We define our state in the init/1 callback, it provides following fields:

:ref — Reference to the :hackney HTTP response.
:demand — Actual demand.
:buffer — Used to store a partial Tweet until we get more data.
:buffer_size — Number of bytes until next Tweet.

We will see why we need :buffer and :buffer_size later. First, let’s handle the demand for our producer (check the documentation for more details):

  def handle_demand(demand, state) do
    if state.demand == 0, do: :hackney.stream_next(state.ref)
    {:noreply, [], %{state | demand: state.demand + demand}}
  end

The handle_demand/2 callback increments the :demand state. If the current demand is 0, it will also fetch the next chunk of data using :hackney.stream_next/1.

Handling HTTP response messages

Next, we have to handle :hackney_response messages:

  def handle_info({:hackney_response, ref, {:status, status_code, reason}}, state)  do
    if status_code in 200..299 do
      if state.demand > 0, do: :hackney.stream_next(ref)
      {:noreply, [], %{state | ref: ref}}
    else
      {:stop, reason, state}
    end
  end

  def handle_info({:hackney_response, _ref, {:headers, _headers}}, state) do
    :hackney.stream_next(state.ref)
    {:noreply, [], state}
  end

  def handle_info({:hackney_response, _ref, chunk}, state) when is_binary(chunk) do
    chunk_size = byte_size(chunk)
    cond do
      state.buffer_size == 0 ->
        :hackney.stream_next(state.ref)
        case String.split(chunk, "\r\n", parts: 2) do
          [size, chunk] ->
            {:noreply, [], %{state | buffer: chunk, buffer_size: String.to_integer(size) - byte_size(chunk)}}
          _ ->
            {:noreply, [], state}
        end
      state.buffer_size > chunk_size ->
        :hackney.stream_next(state.ref)
        {:noreply, [], %{state | buffer: state.buffer <> chunk, buffer_size: state.buffer_size - chunk_size}}
      state.buffer_size == chunk_size ->
        if state.demand > 0, do: :hackney.stream_next(state.ref)
        event = Poison.decode!(state.buffer <> chunk)
        {:noreply, [event], %{state | buffer: "", buffer_size: 0, demand: max(0, state.demand - 1)}}
    end
  end

  def handle_info({:hackney_response, _ref, :done}, state) do
    {:stop, "Connection Closed", state}
  end

  def handle_info({:hackney_response, _ref, {:error, reason}}, state) do
    {:stop, reason, state}
  end

There are five types of :hackney_response messages, the first we receive is :status, we use it to store the message ref into our state.

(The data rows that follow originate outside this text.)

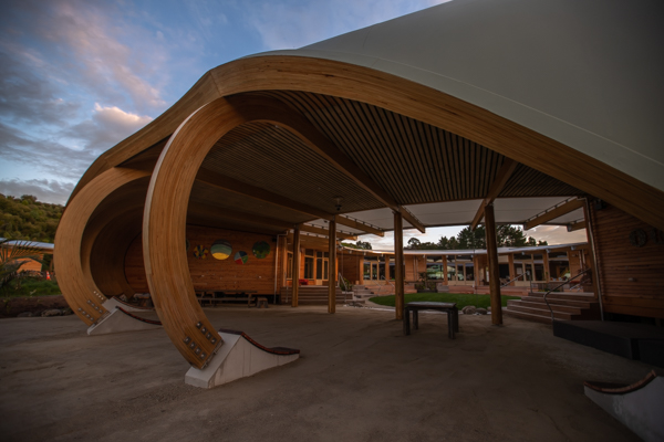 The brief placed importance on continuing the visual impact of natural, modern, soft form and curiosity-invoking objects in the landscape, which had been applied to the campus’ first stage – three “waka” classrooms. The brief also called for experiential qualities that would cater to new arrivals and the younger students, while feeling welcoming and nurturing.
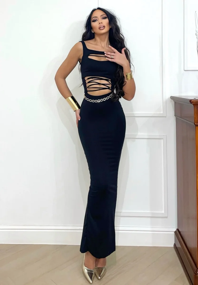 Abito in lycra aderente e elasticizzato super seducente. Spacco nel dietro e lacci avanti e dietro
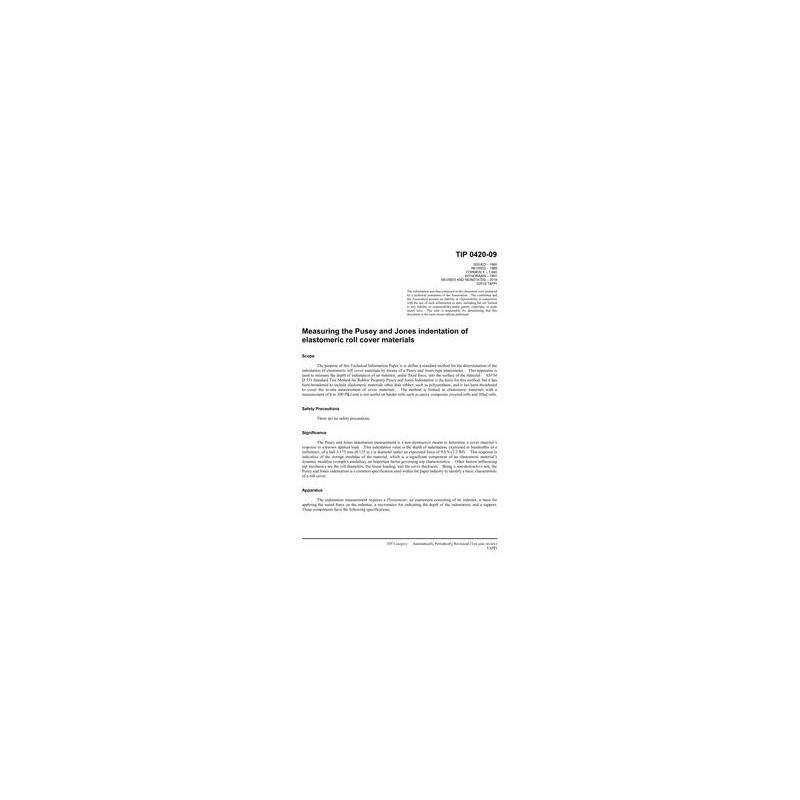 The purpose of TAPPI TIP 0420-09 is to define a standard method for the determination of the indentation of elastomeric roll cover materials by means of a Pusey and Jones type plastometer. This apparatus is used to measure the depth of indentation of an indentor, under fixed force, into the surface of the material. ASTM D 531 Standard Test Method for Rubber Property-Pusey and Jones Indentation is the basis for this method, but it has been broadened to include elastomeric materials other than rubber, such as polyurethane, and it has been broadened to cover the in-situ measurement of cover materials. The method is limited to elastomeric materials with a measurement of 0 to 300 P

The second is :headers, it is not important in our case.

After that, we will receive chunks of data until the response is :done or an :error occurs. We have to process those chunks of data in order to extract each Tweet and send it downstream to our consumer(s).

This is the reason we need to store the current :buffer and :buffer_size. We use the delimiter value to know how many bytes to read off of the stream until the next Tweet. Basically, we have to call :hackney.stream_next/1 until the Tweet is completely buffered.

Have a look at the third handle_info/2 function implementation. It is a bit tricky but actually, it is not that hard to understand.

The last thing we have to implement in our module is a way to tell :hackney to stop streaming more data. Of course, the best place to do that is in the terminate/2 callback:

  def terminate(_reason, state) do
    :hackney.stop_async(state.ref)
  end

When we call stop/1, we close the connection before shutting down the stage process. :hackney provides a stop_async/1 function which does exactly that.

Applying back-pressure

Now, I started this post with a long introduction about how back-pressure is important. I told you that if you don’t take special care about it, bad things would happen.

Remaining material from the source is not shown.